__Problem statement__: Each record that follows is to be reproduced character for character, pictures excepted.

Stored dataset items
|---|

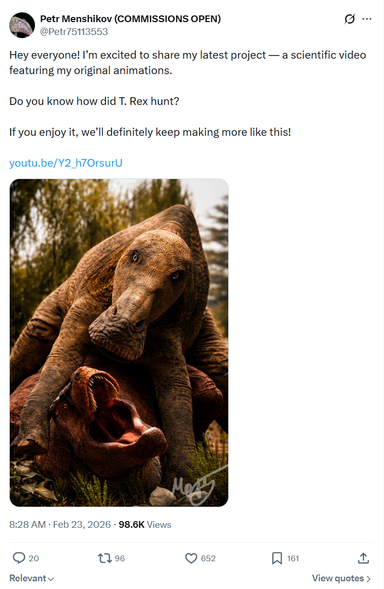 >>5107893People are incapable of being reasonable and always have to go to the other extreme. Two examples i can think of are:1: Oviraptor used to be portrayed as an egg thief because a fossil was misinterpreted, so now showing it eating eggs is hecking inaccurate even to it obviously did from time to time2: It used to be a meme that Smilodon made terror birds go extinct, so now terror birds have to win 10/10 times against Smilodon. If you show the Smilodon winning in a fight it is hecking inaccurate regardless of the context, even tho it obviously happened from time to time.If anyone can think of other examples please share them
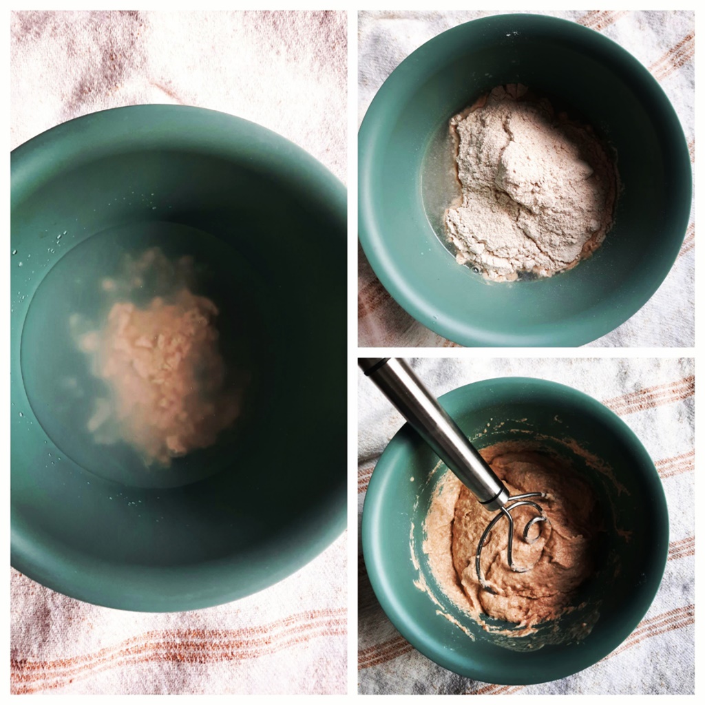 Alles grob zu einem Ball formen und bedeckt zu doppelter Größe aufgehen lassen; bei mir hat das ungefähr eine Stunde gedauert.
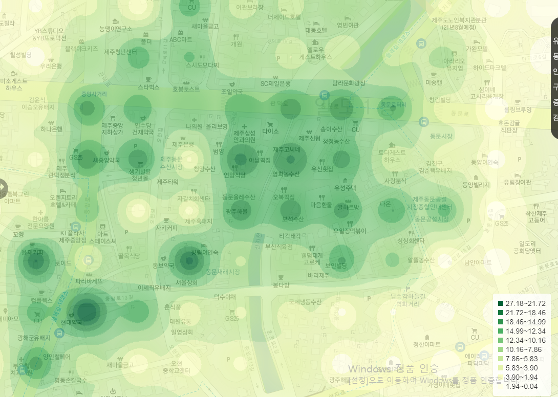지도를 확대할 수록 유동인구 증감과 유동인구가 밀집한 지역을 구체적으로 확인할 수 있고 그 수도 구체적으로 확인 가능하다. 간편하게 확대할 수 있기 때문에 원하는 지역을 볼 수 있고 명칭과 주소로 손쉽고 정확하게 확인 가능하다.
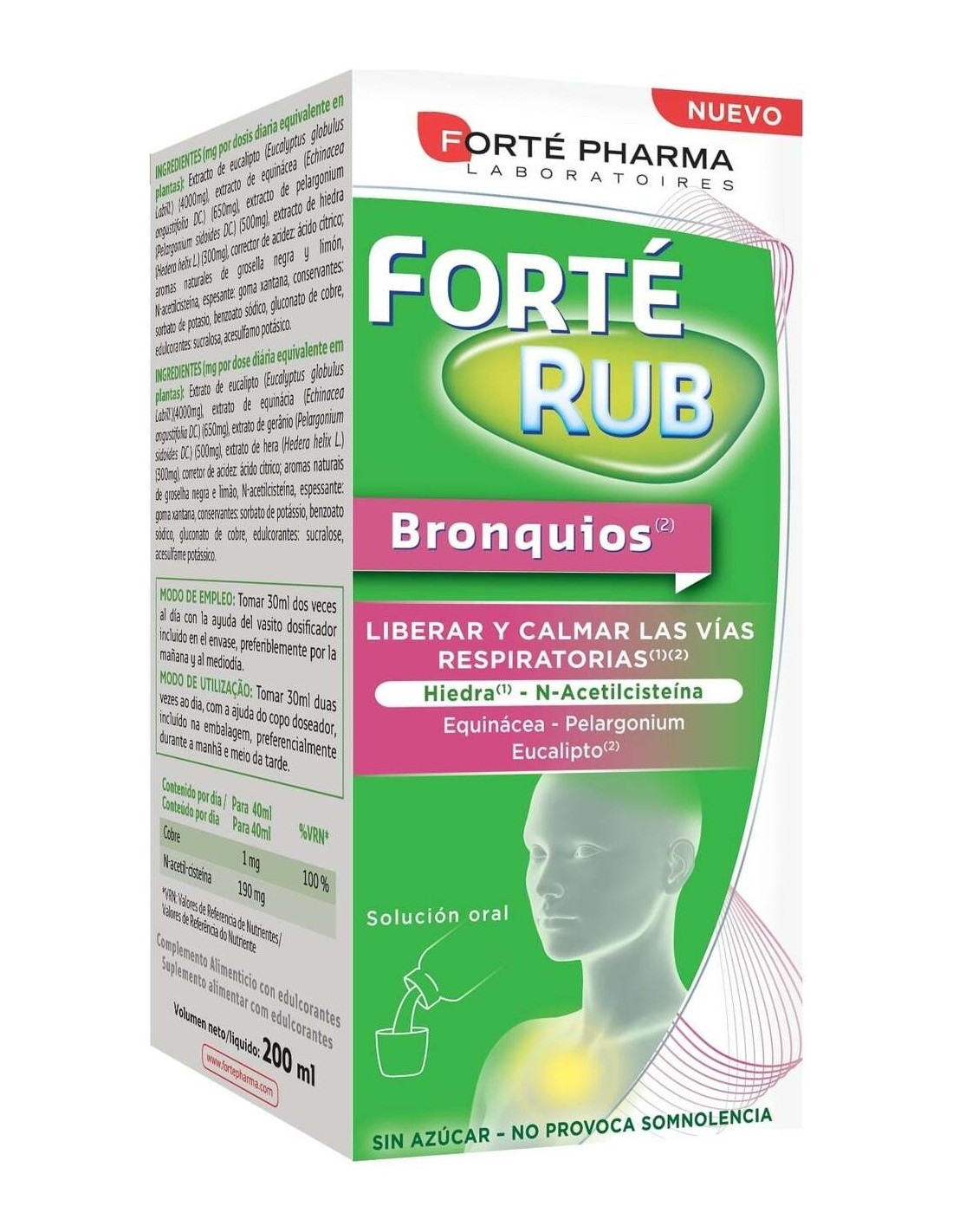 Forté Pharma Forté Rub Bronquios Jarabe 150ml es un jarabe cuya fórmula combina dos expectorantes, la N-acetilcisteína y la hiedra, para liberar los bronquios congestionados. Junto con el pelargonium, el aceite esencial de eucalipto, la equinácea y el cobre su acción favorece el confort respiratorio y refuerza la respuesta inmunitaria.
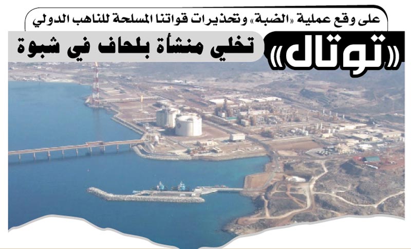 على وقع عملية «الضبة» وتحذيرات قواتنا المسلحة للناهب الدولي.. «توتال» تخلي منشأة بلحاف في شبوة
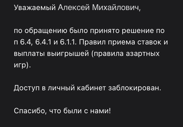 Арбитраж Легалбет получил комментарии и разъяснения от букмекера. Счет закрыт, а выигрыш аннулирован по решению СБ за нарушение правил БК. Открытому разглашению подробности нарушений не подлежат. Действия БК в рамках правил.

|---|

__Expected answer__:
 >>5107893People are incapable of being reasonable and always have to go to the other extreme. Two examples i can think of are:1: Oviraptor used to be portrayed as an egg thief because a fossil was misinterpreted, so now showing it eating eggs is hecking inaccurate even to it obviously did from time to time2: It used to be a meme that Smilodon made terror birds go extinct, so now terror birds have to win 10/10 times against Smilodon. If you show the Smilodon winning in a fight it is hecking inaccurate regardless of the context, even tho it obviously happened from time to time.If anyone can think of other examples please share them
 Alles grob zu einem Ball formen und bedeckt zu doppelter Größe aufgehen lassen; bei mir hat das ungefähr eine Stunde gedauert.
지도를 확대할 수록 유동인구 증감과 유동인구가 밀집한 지역을 구체적으로 확인할 수 있고 그 수도 구체적으로 확인 가능하다. 간편하게 확대할 수 있기 때문에 원하는 지역을 볼 수 있고 명칭과 주소로 손쉽고 정확하게 확인 가능하다.
 Forté Pharma Forté Rub Bronquios Jarabe 150ml es un jarabe cuya fórmula combina dos expectorantes, la N-acetilcisteína y la hiedra, para liberar los bronquios congestionados. Junto con el pelargonium, el aceite esencial de eucalipto, la equinácea y el cobre su acción favorece el confort respiratorio y refuerza la respuesta inmunitaria.
 على وقع عملية «الضبة» وتحذيرات قواتنا المسلحة للناهب الدولي.. «توتال» تخلي منشأة بلحاف في شبوة
 Арбитраж Легалбет получил комментарии и разъяснения от букмекера. Счет закрыт, а выигрыш аннулирован по решению СБ за нарушение правил БК. Открытому разглашению подробности нарушений не подлежат. Действия БК в рамках правил.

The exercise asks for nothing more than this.